OPENSSL_EXPORT ASN1_VALUE *ASN1_item_new(const ASN1_ITEM *it);
// ASN1_item_free releases memory associated with `val`, which must be an object
// of the C type corresponding to `it`.
//
// This function may not be used with `ASN1_ITEM`s whose C type is
// `ASN1_BOOLEAN`.
//
// WARNING: Passing a pointer of the wrong type into this function is a
// potentially exploitable memory error. Callers must ensure `val` is consistent
// with `it`. Prefer using type-specific functions such as
// `ASN1_OCTET_STRING_free`.
OPENSSL_EXPORT void ASN1_item_free(ASN1_VALUE *val, const ASN1_ITEM *it);
// ASN1_item_d2i parses the ASN.1 type `it` from up to `len` bytes at `*inp`.
// It behaves like `d2i_SAMPLE`, except that `out` and the return value are cast
// to `ASN1_VALUE` pointers.
//
// TODO(https://crbug.com/boringssl/444): C strict aliasing forbids type-punning
// `T*` and `ASN1_VALUE*` the way this function signature does. When that bug is
// resolved, we will need to pick which type `*out` is (probably `T*`). Do not
// use a non-NULL `out` to avoid ending up on the wrong side of this question.
//
// This function may not be used with `ASN1_ITEM`s whose C type is
// `ASN1_BOOLEAN`.
//
// WARNING: Casting the result of this function to the wrong type, or passing a
// pointer of the wrong type into this function, are potentially exploitable
// memory errors. Callers must ensure `out` is consistent with `it`. Prefer
// using type-specific functions such as `d2i_ASN1_OCTET_STRING`.

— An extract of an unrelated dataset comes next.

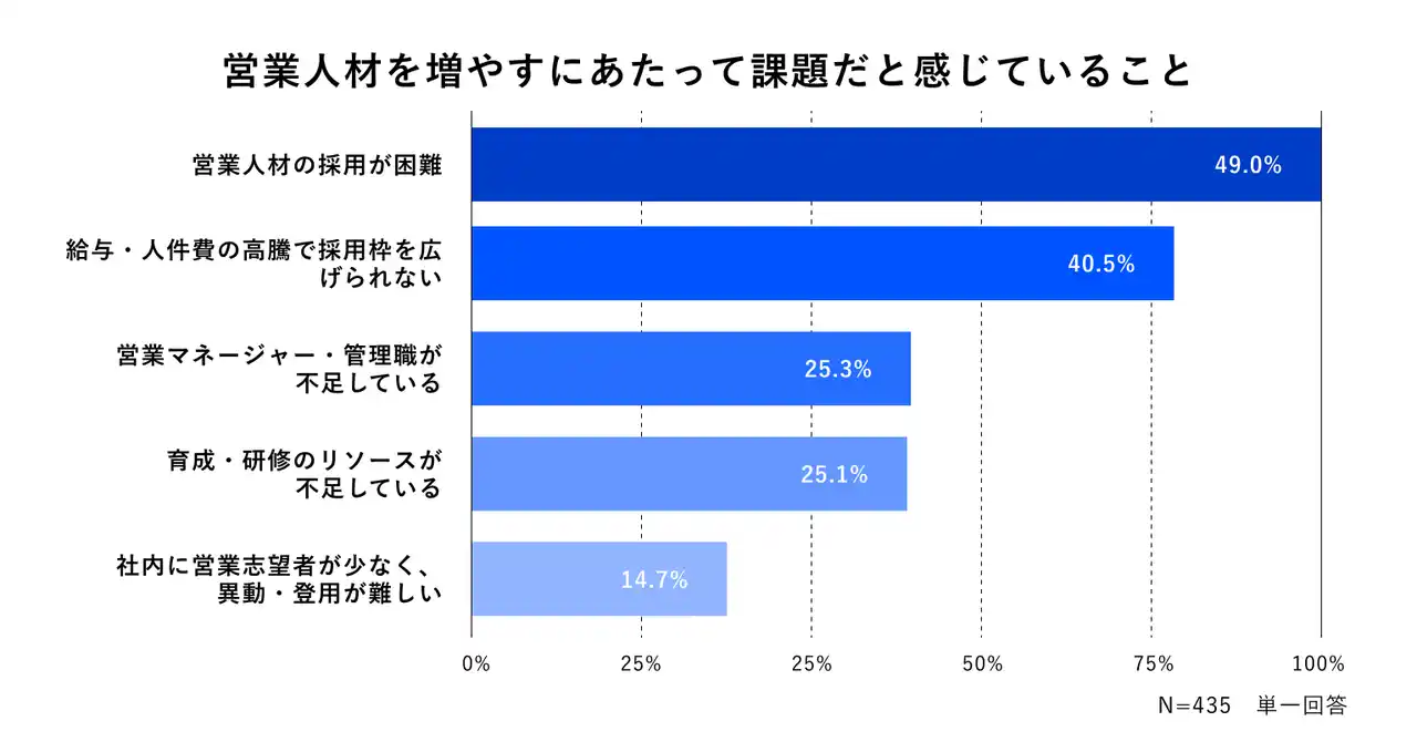 続いて、回答者733名のうち営業人員の増員について課題を感じている435名にその内容を尋ねたところ、最も多かったのは「採用が困難」(49.0%)、次いで「給与・人件費の高騰で採用枠を広げられない」(40.5%)でした。人材不足の背景には、採用市場における人材獲得競争の激化や、コスト上昇の影響があることがうかがえます。 |

OPENSSL_EXPORT ASN1_VALUE *ASN1_item_d2i(ASN1_VALUE **out,
const unsigned char **inp, long len,
const ASN1_ITEM *it);
// ASN1_item_i2d marshals `val` as the ASN.1 type associated with `it`, as
// described in `i2d_SAMPLE`.
//
// This function may not be used with `ASN1_ITEM`s whose C type is
// `ASN1_BOOLEAN`.
//
// WARNING: Passing a pointer of the wrong type into this function is a
// potentially exploitable memory error. Callers must ensure `val` is consistent
// with `it`. Prefer using type-specific functions such as
// `i2d_ASN1_OCTET_STRING`.
OPENSSL_EXPORT int ASN1_item_i2d(ASN1_VALUE *val, unsigned char **outp,
const ASN1_ITEM *it);
// ASN1_item_dup returns a newly-allocated copy of `x`, or NULL on error. `x`
// must be an object of `it`'s C type.
//
// This function may not be used with `ASN1_ITEM`s whose C type is
// `ASN1_BOOLEAN`.
//
// WARNING: Casting the result of this function to the wrong type, or passing a
// pointer of the wrong type into this function, are potentially exploitable
// memory errors. Prefer using type-specific functions such as
// `ASN1_STRING_dup`.
OPENSSL_EXPORT void *ASN1_item_dup(const ASN1_ITEM *it, void *x);
// The following functions behave like `ASN1_item_d2i` but read from `in`
// instead. `out` is the same parameter as in `ASN1_item_d2i`, but written with
// `void*` instead. The return values similarly match.
//
// These functions may not be used with `ASN1_ITEM`s whose C type is
// `ASN1_BOOLEAN`.
//
// WARNING: These functions do not bound how much data is read from `in`.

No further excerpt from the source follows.